Jessica remembered the day Clair had bought that dress with her father's credit card.

It was a strange memory to be recalling, given her life had since spiralled into such an absolute shitstorm.

Still, she remembered how the two of them had spent a day giggling as they tried on dress after dress at a fancy boutique in Carson City. How the moment Clair had put on the dark red one, she'd immediately decided it was the dress.

"Holt shit, Clair. What are you trying to do? Give the school faculty a heart attack when you show up to prom looking like that?"

Clair had laughed at her words, eyes dancing with mischief, as she'd examined herself in the store mirrors. Even the snooty boutique saleswomen had been almost stunned silent.

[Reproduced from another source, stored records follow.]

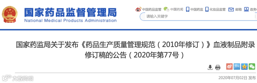 《中华人民共和国药品管理法》实施后,国家药品监督管理局按照《药品生产质量管理规范(2010年修订)》第三百一十条规定,对《血液制品》附录进行了修订,现作为《药品生产质量管理规范(2010年修订)》配套文件予以发布。本附录自2020年10月1日起施行。
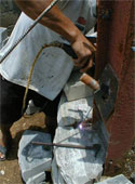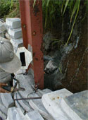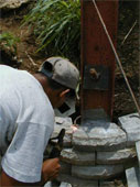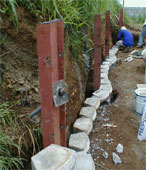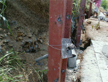 Next, scrap I-beams with perforations were erected after being properly plumbed with the threaded head of the soil nails protruding through the I- beam. The soil nail was then ‘locked’ into the I-beam with a nut.
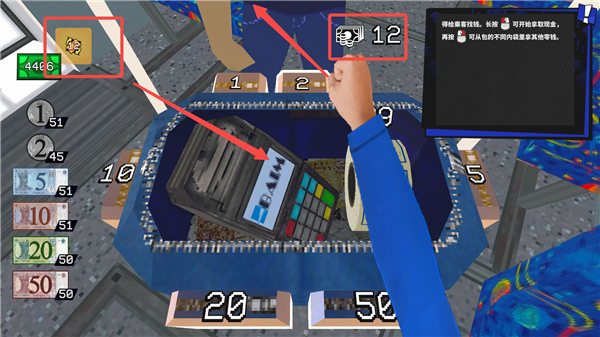 5、需要找零的钱显示在左上角,先左键长按10元的,在右键点击2元的,将找零的钱递给乘客。
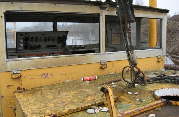 Im Zeitraum vom 15.01.2015 bis 19.01.2015 wurde in 31028 Gronau, Verlängerung Niedermarschweg, in der dortigen Kiesgrube durch Unbekannte der dort im Wasser schwimmende Saugbagger erheblich beschädigt. Es wurden u.a. die Scheiben des Führerstandes mit Steinen eingeworfen und teilweise ausgebaut. Weiterhin durchtrennten die Täter praktisch sämtliche Stromkabel bzw. Kabelverbindungen im Führerstand. Ein Betrieb dieses Saugbaggers ist somit für geraume Zeit nicht möglich, da die gesamte Elektrik neu verlegt werden muss. Die genaue Schadenshöhe konnte der Betreiber der Kiesgrube noch nicht angeben - nach vorsichtigen ersten Schätzungen ca.10.000,00 Euro. Zeugen, die im angegebenen Zeitraum Personen im genannten Bereich bemerkt haben, die gegebenenfalls mit diesen Sachbeschädigungen in Zusammenhang gebracht werden können, werden gebeten, sich mit der Polizei in Elze unter der Tel.-Nr.: 05068/93030 in Verbindung zu setzen.
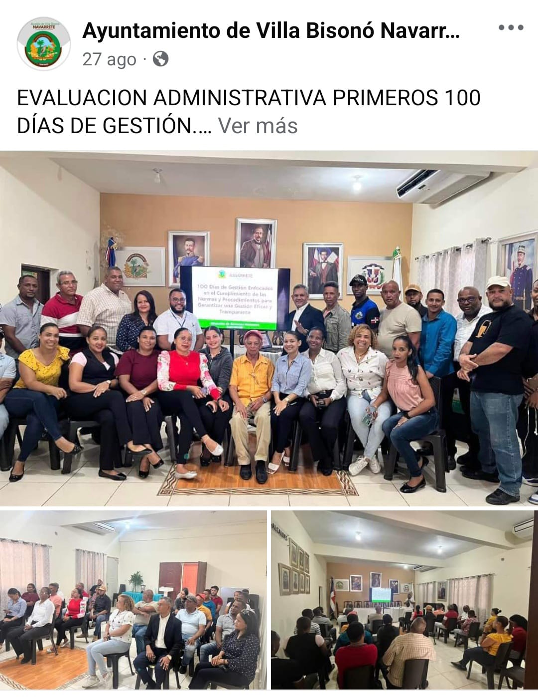 Por instrucciones del honorable alcalde Noel Peralta y dando fiel cumplimiento al programa de gestión , el departamento de Recursos Humanos Dirigido por el señor Geury vargas convocó a todos los encargados de departamentos y empleados administrativos a una importante reunión con el propósito de evaluar los primeros 100 días de gerencia municipal para el trabajo de los planes de mejora .
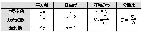 右片側検定を行い、VRがVEより大きいかどうか検定する。VR>VEであれば、回帰による変動が残差による変動よりも全変動に与える影響が大きいので、回帰直線は予測に役立つといえる。
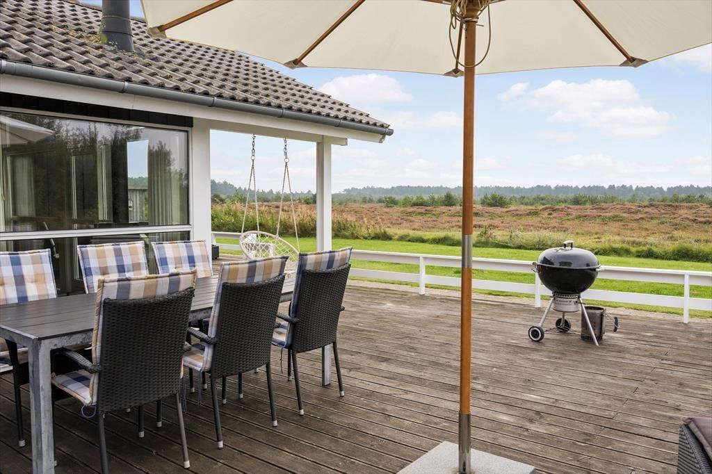 Die Aussicht von der großen, teilweise überdachten Terrasse, die sich Richtung Süden erstreckt, ist beeindruckend. Hier kannst du dich in den Gartenmöbeln zurücklehnen, grillen, die Ruhe spüren und die ungestörte Natur genießen. Wenn du dich etwas bewegen möchtest, gibt es auf dem Rasen viel Platz für Krocket und andere Gartenspiele. Für die jüngsten Familienmitglieder gibt es außerdem eine Schaukel und einen Sandkasten.

The red dress had clung to her slim figure like liquid, with its low cut neckline and slit to the top of her thigh. It was a dress designed for a more mature woman, not for a teenager. A woman old enough to know the true power of her allure.

And yet, Clair's one of the few who can somehow pull it off, Jessica had thought that day, half admiring and half envious. She looks like a siren in it. A dangerous flame.

The two girls now locked eyes. Clair opened her mouth as if to say something to her. No sound came out.

The most confident and assertive girl at Abbot Springs High School seemed, for once, to be completely lost for words. Clair who always had a snappy comeback for everything, stood there looking terrified. She suddenly seemed far younger than her age.

"Jess…" Clair choked out before fading into silence again.

Jessica pushed another loose lock of hair back from her face. It felt strangely wet. When she looked at her fingertips, she could see them stained red. There were also red stains on the petals of the orchid corsage on her wrist.

Not that it mattered much. The flower was now terribly crushed, the petals a jarring white against the blood.

Vivid crimson blood. Almost the same colour as Clair's traffic stopping dress.

Huh. I guess I'm bleeding, Jessica thought dully. I must've smacked my head without noticing.

She accepted the fact with a strange calm, almost as if it was happening to someone else instead of her. Usually, seeing blood would make her feel like throwing up. Now, her usually weak stomach didn't even react to the red on her hand and the sensation of blood running slowly down the side of her face.

Probably because it knows I've got way way bigger problems to worry about right now than a little head bump.

How the fuck did we all get here, Jessica asked herself in despair?

A Night to Remember.

That had been the theme of the Senior Prom, hadn't it? Banners with those words had been draped all throughout the school hallways.

A night that was supposed to symbolically close one chapter of their lives and open a new, exciting chapter.

This is definitely going to be a night to remember, Jessica thought bleakly. For better or worse, I'll never forget it.